• **Problem**: Transcribe everything in the listing below exactly, except the pictures.
Record extracts Block Start
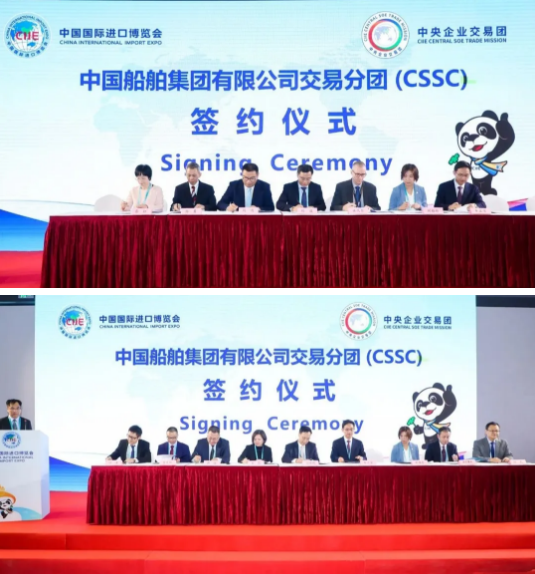 簽約儀式上,中國船舶集團所屬廣船國際股份有限公司、中船黃埔文沖船舶有限公司、滬東重機有限公司、陜西柴油機重工有限公司、中國船舶物資公司、中國船舶貿(mào)易有限公司、上海外高橋造船有限公司等7家企業(yè)與西門子、ABB、康士伯、瓦錫蘭、日本大發(fā)、韓國現(xiàn)代等19家合作商,共進行了23個項目簽約,簽約總金額共計1.14億美元,涉及軸帶發(fā)電機、主發(fā)電機、主柴油機、閥門遙控系統(tǒng)、柴油機零部件、曲軸等產(chǎn)品。另外,中國船舶集團參加本屆進博會專業(yè)觀眾觀展活動的人數(shù)也較往年有明顯提升。
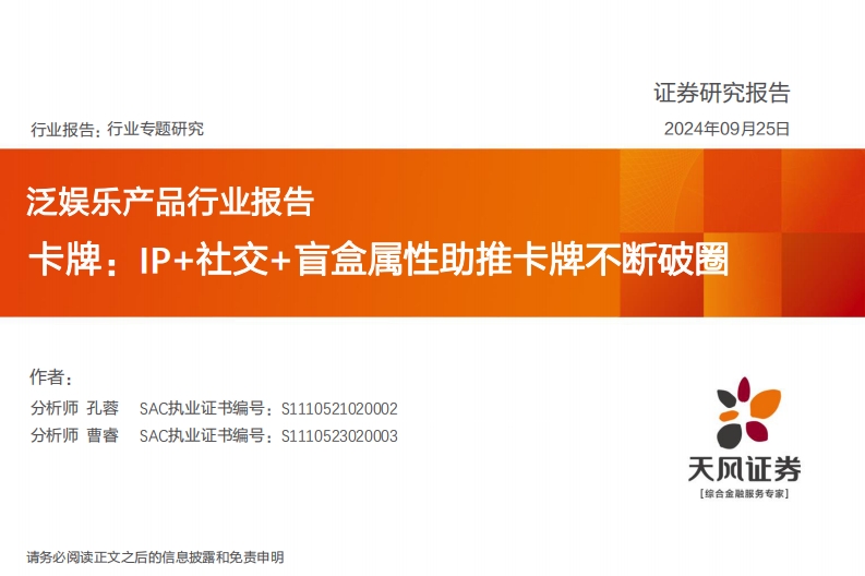 2024-09-25-天风证券--泛娱乐产品行业报告:卡牌:IP+社交+盲盒属性助推卡牌不断破圈
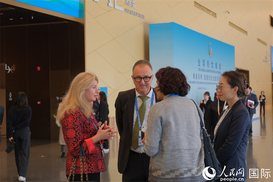 | 嘉賓在全球婦女峰會現(xiàn)場交流。人民網(wǎng)記者 宋美琪攝 |
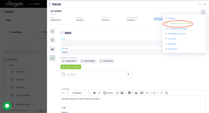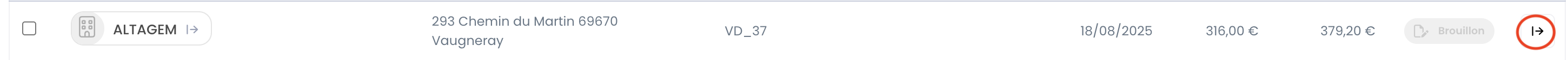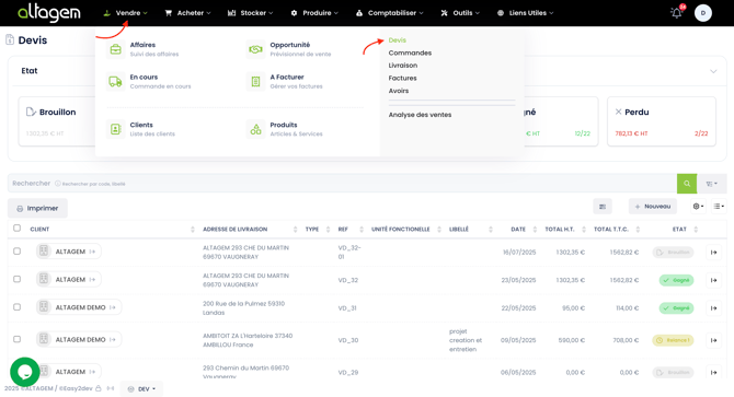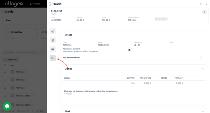 Pour se faire ouvrez le devis (flèche) et cliquez sur l'enveloppe. Vous pouvez directement envoyer le devis à votre client depuis Altagem.
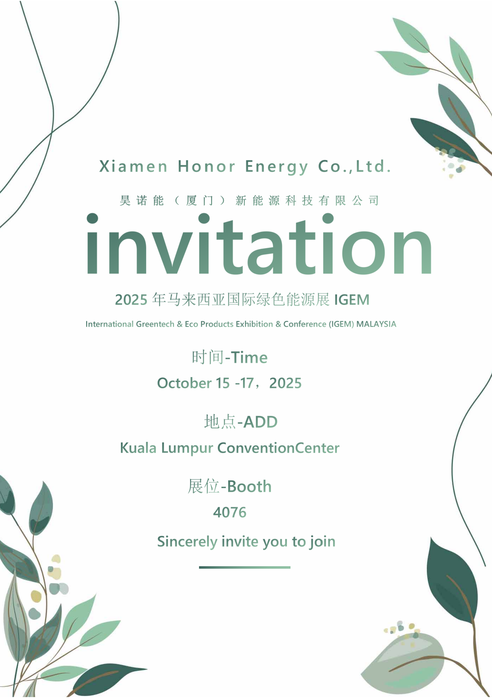 நாங்கள்மகிழ்ச்சி அடைந்துள்ளனர்2025 மலேசியா சர்வதேச பசுமை ஆற்றல் கண்காட்சிக்கு (IGEM) எங்களது அதிகாரப்பூர்வ அழைப்பை உங்களுக்கு அறிவிக்கிறோம்.
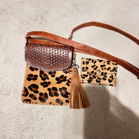 Cowhide and Tooled Leather Leopard Crossbody with Key Chain Wallet 1970
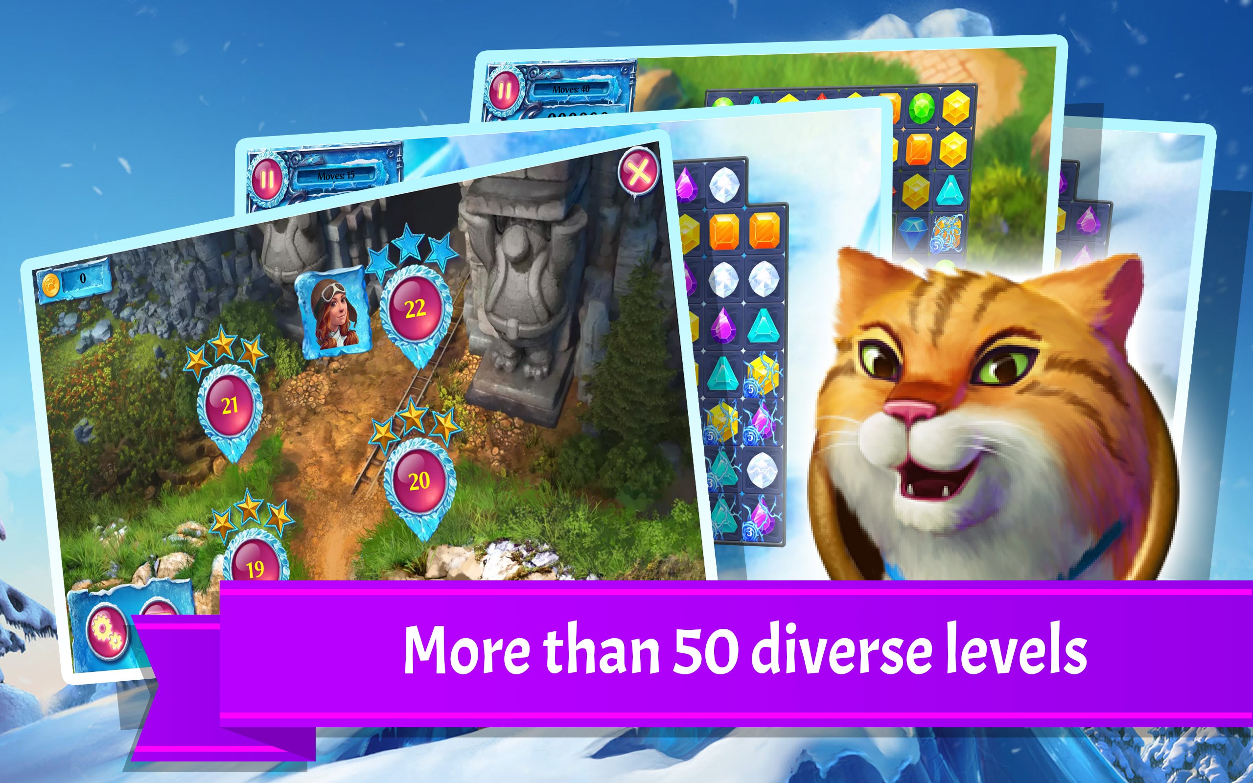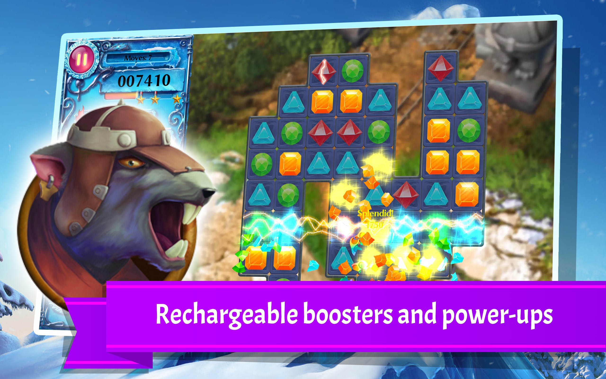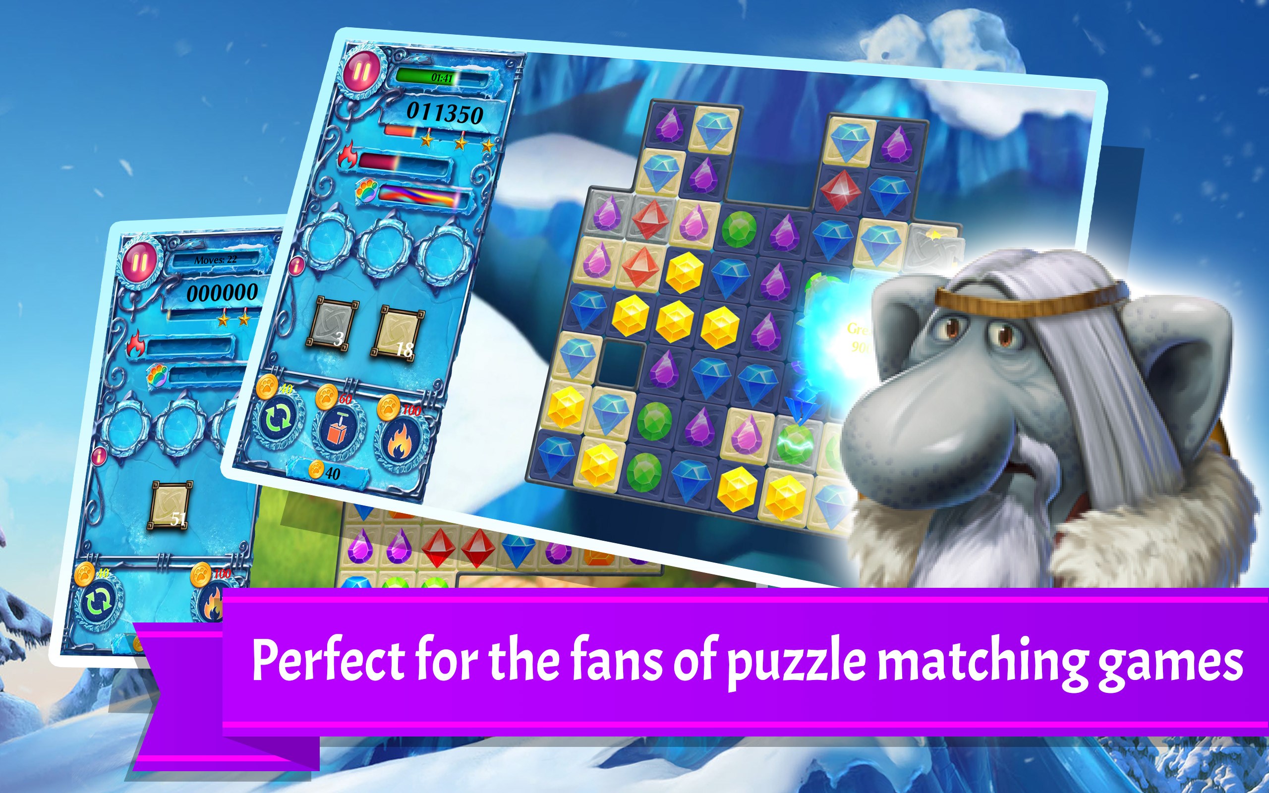 Collect chains of gems in search of Snow Crystals. Unleash the Ancient King's magic to save her pet from the clutches of belligerent beasts.
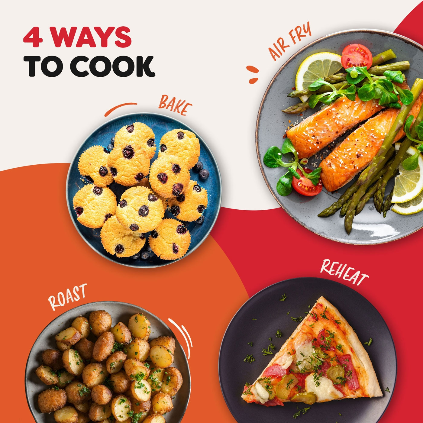 - 4-in-1 Funktion: AirFryen, Rösten, Backen, Aufwärmen
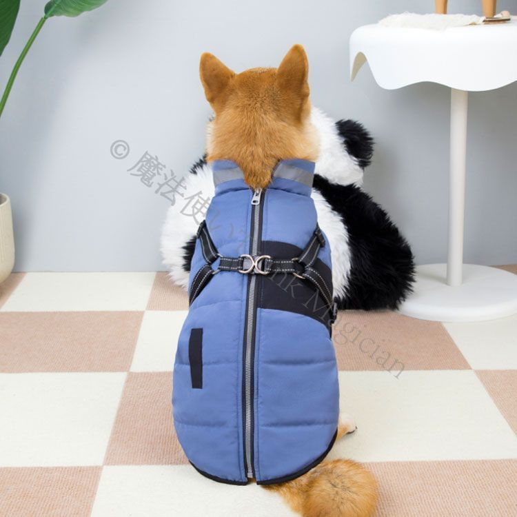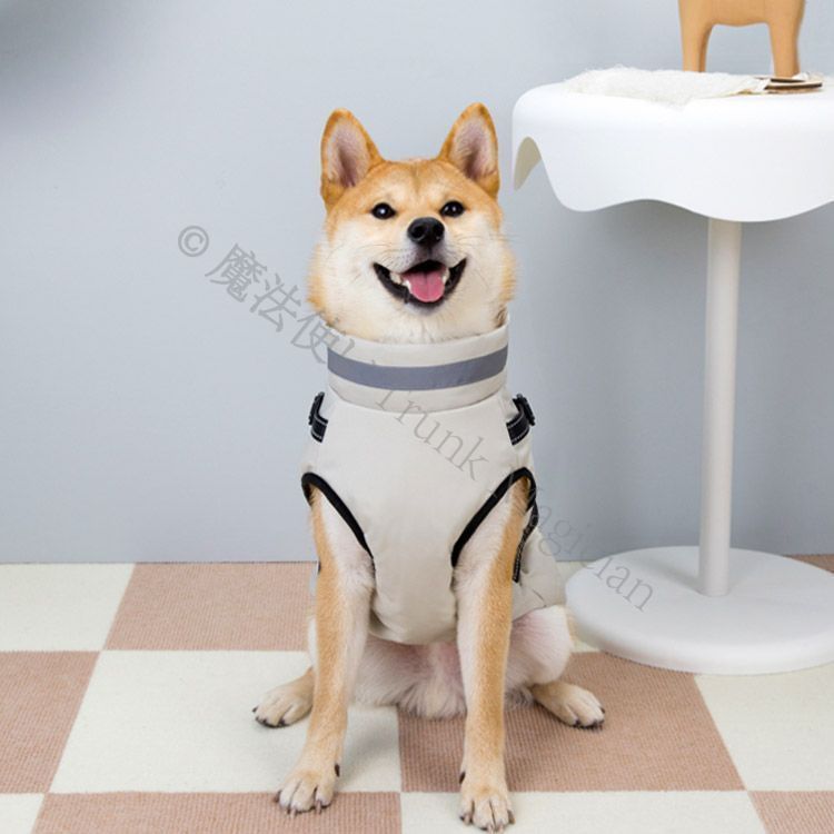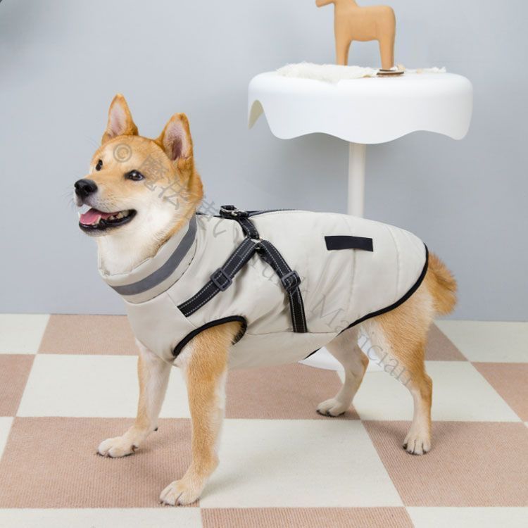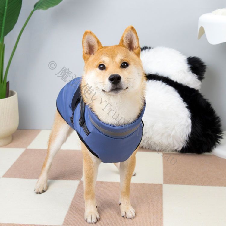 オシャレしながら防寒できる犬用ダウン風ジャケット。
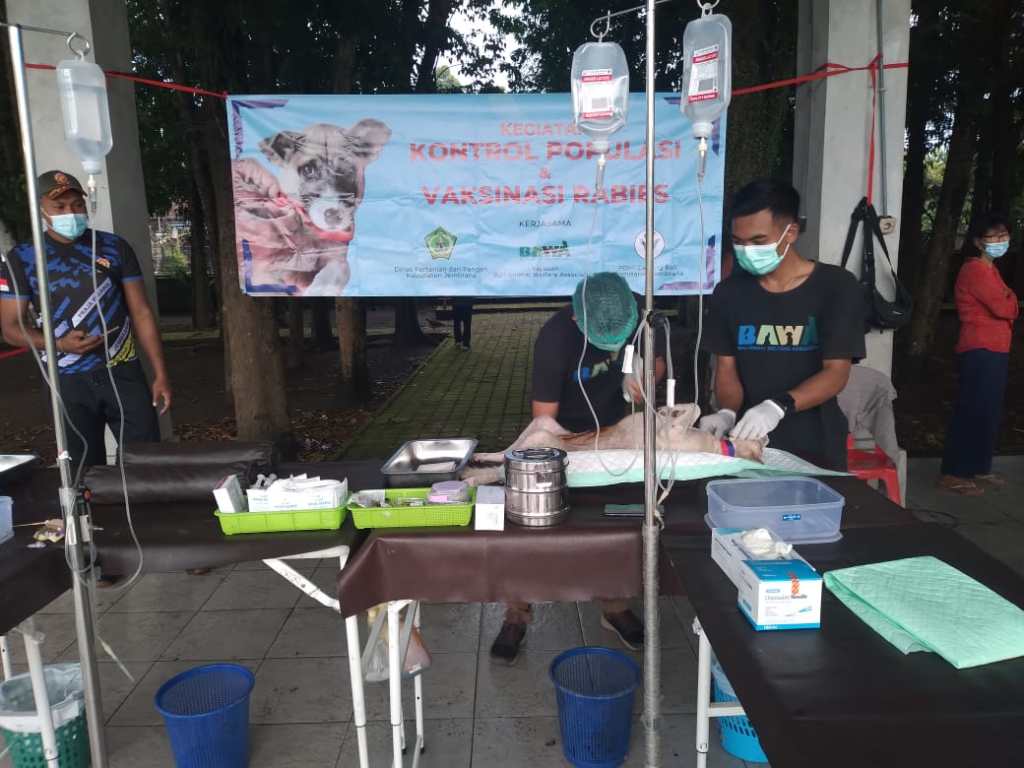 Kali ini kegiatan sterilisasi hewan penular rabies (HPR) digelar Dinas Pertanian dan Pangan Kabupaten Jembrana bekerjasama dengan Yayasan Bali Animal Welfare Association (BAWA) dan PHDI Cabang Bali Komisariat Jembrana. Sterilisasi HPR dilakukan dalam bentuk pelayanan kesehatan hewan, kontrol populasi dan vaksinasi rabies dengan sasaran anjing dan kucing lokal, Rabu (01/06/2022)
Record extracts Block End
• **Reply**:
 簽約儀式上,中國船舶集團所屬廣船國際股份有限公司、中船黃埔文沖船舶有限公司、滬東重機有限公司、陜西柴油機重工有限公司、中國船舶物資公司、中國船舶貿(mào)易有限公司、上海外高橋造船有限公司等7家企業(yè)與西門子、ABB、康士伯、瓦錫蘭、日本大發(fā)、韓國現(xiàn)代等19家合作商,共進行了23個項目簽約,簽約總金額共計1.14億美元,涉及軸帶發(fā)電機、主發(fā)電機、主柴油機、閥門遙控系統(tǒng)、柴油機零部件、曲軸等產(chǎn)品。另外,中國船舶集團參加本屆進博會專業(yè)觀眾觀展活動的人數(shù)也較往年有明顯提升。
 2024-09-25-天风证券--泛娱乐产品行业报告:卡牌:IP+社交+盲盒属性助推卡牌不断破圈
 | 嘉賓在全球婦女峰會現(xiàn)場交流。人民網(wǎng)記者 宋美琪攝 |
 Pour se faire ouvrez le devis (flèche) et cliquez sur l'enveloppe. Vous pouvez directement envoyer le devis à votre client depuis Altagem.
 நாங்கள்மகிழ்ச்சி அடைந்துள்ளனர்2025 மலேசியா சர்வதேச பசுமை ஆற்றல் கண்காட்சிக்கு (IGEM) எங்களது அதிகாரப்பூர்வ அழைப்பை உங்களுக்கு அறிவிக்கிறோம்.
 Cowhide and Tooled Leather Leopard Crossbody with Key Chain Wallet 1970
 Collect chains of gems in search of Snow Crystals. Unleash the Ancient King's magic to save her pet from the clutches of belligerent beasts.
 - 4-in-1 Funktion: AirFryen, Rösten, Backen, Aufwärmen
 オシャレしながら防寒できる犬用ダウン風ジャケット。
 Kali ini kegiatan sterilisasi hewan penular rabies (HPR) digelar Dinas Pertanian dan Pangan Kabupaten Jembrana bekerjasama dengan Yayasan Bali Animal Welfare Association (BAWA) dan PHDI Cabang Bali Komisariat Jembrana. Sterilisasi HPR dilakukan dalam bentuk pelayanan kesehatan hewan, kontrol populasi dan vaksinasi rabies dengan sasaran anjing dan kucing lokal, Rabu (01/06/2022)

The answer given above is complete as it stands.